The post-War order in Asia has rested on the presence and predictability of the US power anchored in a network of military alliances and partnerships. While the countries in the region welcomed this originally, today, these equations have drastically changed. Asia is a region that is home to the productive motors of the global economy, nuclear weapons states, and, a host of unresolved rivalries and differences.
The US’ ‘rebalancing’ strategy, coming into play at an opportune time, has exposed the threat of China’s attempt at the Finlandization of the continent’s rim areas. With a thriving economy and expanding military prowess, Beijing is no longer the ‘hidden’ dragon, and unlike USSR, it is here to stay. China has responded to the US’ Asian rebalance strategy by picking up squabbles with US allies such as Japan, South Korea and the Philippines, among others. Having earned the title of a ‘selective stakeholder’ in international politics, it expresses the reality of a new power in Asia that has the capacity to decouple the US from its allies region.
Nature of New Alliances
There are many alliances in effect in the region: The US-China bilateral; the US’ relationship with other nations in the region; China’s relationship with the regional countries; and the relationship dynamics between the countries in the region as well.
What will the new alliances look like in the backdrop of the US rebalancing act? Washington seeks alliances and relationships of various kinds at different levels to further its strategy it views as a multi-player game.
Since the individual regional countries cannot directly balance China, these states would bandwagon with the US to counter the Chinese threat. One potential alliance that could emerge is that between Japan, India, and Australia. They would require the US in this endeavour as well. Another potential alliance could be a trilateral agreement between the US, Japan and South Korea – or the ‘Security Trilemma’ – that could be further expanded to include Thailand, the Philippines, and Vietnam to deal with the unresolved issues with China, vis-à-vis the South China Sea.
There is a possibility of China responding to this new milieu by bringing Russia, North Korea, Myanmar and Cambodia on board to deal with issues pertaining to East Asia. Any involvement of the US to build alliances against Beijing will give rise to tensions.
The US’ Predicament
The US, after its interventions in Iraq and Afghanistan, its domestic economic slump, is a tired nation, and does not want to get into a new conflict, especially not with China. Also, since ‘rebalancing’ is not about isolating or containing Beijing, but engaging it, Washington’s cosiness with Beijing is sure to unnerve US’s allies and partners. Similarly, Washington’s ‘hedging’ strategy to deepen its alliance with friends and partners will certainly unnerve China. The problem gets further compounded when these allies want the US to defend them against Chinese depredations but do not want Washington to do anything that will put their productive economic linkages with Beijing, at risk.
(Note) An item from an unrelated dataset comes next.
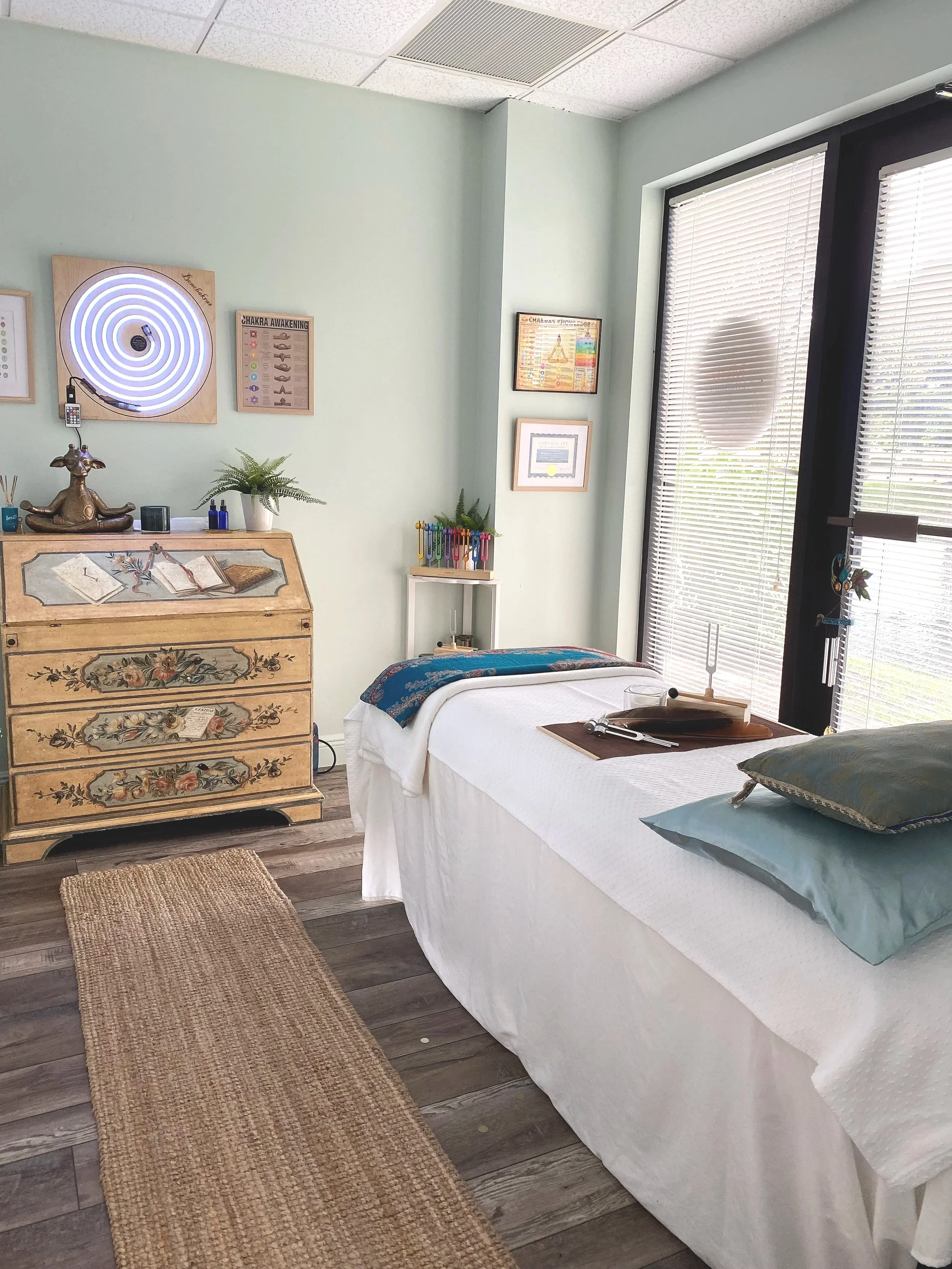 Your experience begins with a brief, private consultation. We'll discuss what brought you in, any specific physical or emotional concerns, and your intentions for the session. You are also welcome to ask any questions you may have.

In this regard, India and Pakistan also would not provide any relief to the US. Despite being a ‘strategic partner’ of the US, India would prefer to maintain its strategic autonomy even when overtly challenged by China along the Sino-Indian border. Islamabad, which considers China its ‘all-weather friend’ would remain committed to Beijing and bamboozle the US to receive more funds and aid.
This raises the obvious question about the future and sustainability of such alliances, given how they may not always be mutually exclusive. For countries that have eventful histories and seek independent destinies – such as India, Japan, South Korea and Australia – success of the US rebalancing strategy is vital. However, the US’ silence over certain territorial disputes between China and its allies bring into question the exclusivity and fluidity of such alliances. In fact, Myanmar, a long-time friend of China is now slowly opening up to the West.
The US’ engagement in the region should thus be geographically distributed, operationally resilient and politically sustainable. To succeed in its endeavour, Washington has to find a ‘Goldilocks’ strategy, whereby it is not too hard and not too soft on China, as well as not too coercive and not too indifferent towards regional partners. The triumph of this calculation in Asia becomes imperative for the two reasons: to preserve peace as in the region 3 billion people call home, and also towards the future of the global order.